# Panama City Trip 4/30



## GAbuckhunter88 (May 2, 2016)

We ran down to Panama City this past weekend to get a trip in, we went out with Captain Mickey of Reel Addiction. He definitely provides a great trip, him and his first mate Chris are top notch. We are already planning our next trip with him. Weather man was horribly wrong as usual, called for 2-3' seas and it turned into more of 3-5' all day with a 6-8' thrown into the mix as well.

We left the dock around 6:00 AM and after a long 3 hour ride we were on the Amberjacks. Within an hour we had our limit and headed on to start picking up scamp and red grouper. We stayed on fish today with a great mixed bag of Scamps and red grouper. We also caught some slob gags and ARS (too bad they werent in season )
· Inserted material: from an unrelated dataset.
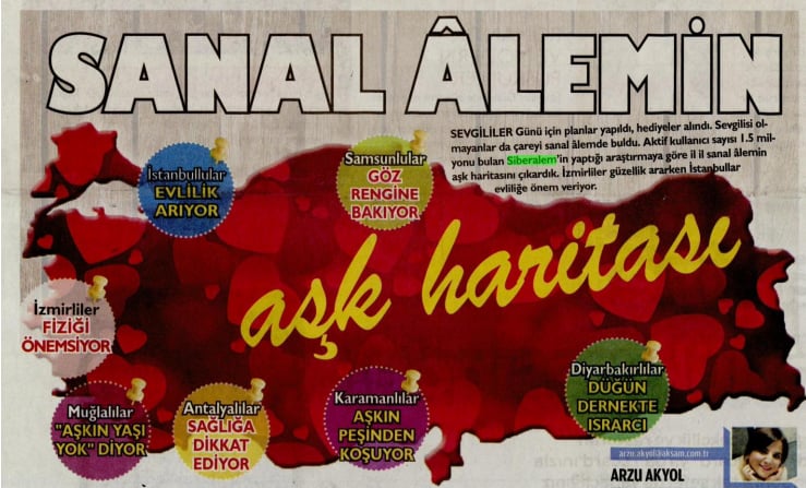 Siberalem, Türkiye’nin ilk ve en büyük arkadaşlık platformu olarak, Akşam Gazetesi’nden Arzu Akyol’a misafir oldu. 13 Şubat 2016 Cumartesi günü yayınlanan haberimiz:

Brought back a ton of fish and some good memories/laughs. If anyone is looking for a great trip look up Reel Addiction.


----------



## crappiecatchin (May 2, 2016)

Good box of fish. Mickey is the man.


----------



## FishingAddict (May 2, 2016)

Great day! That scamp has interesting markings. Makes me wonder if it’s even a scamp or some sort of hybrid. But I’m not sure grouper mix like that.


----------



## Capt. Mickey Locke (May 3, 2016)

I had a Great time with yall boys! The weather was as worse as Ive ever fished in but yall hung in there and got it done! Looking forward to fishing with yall again!


----------



## Browning Slayer (May 5, 2016)

Way to fill the freezers!


----------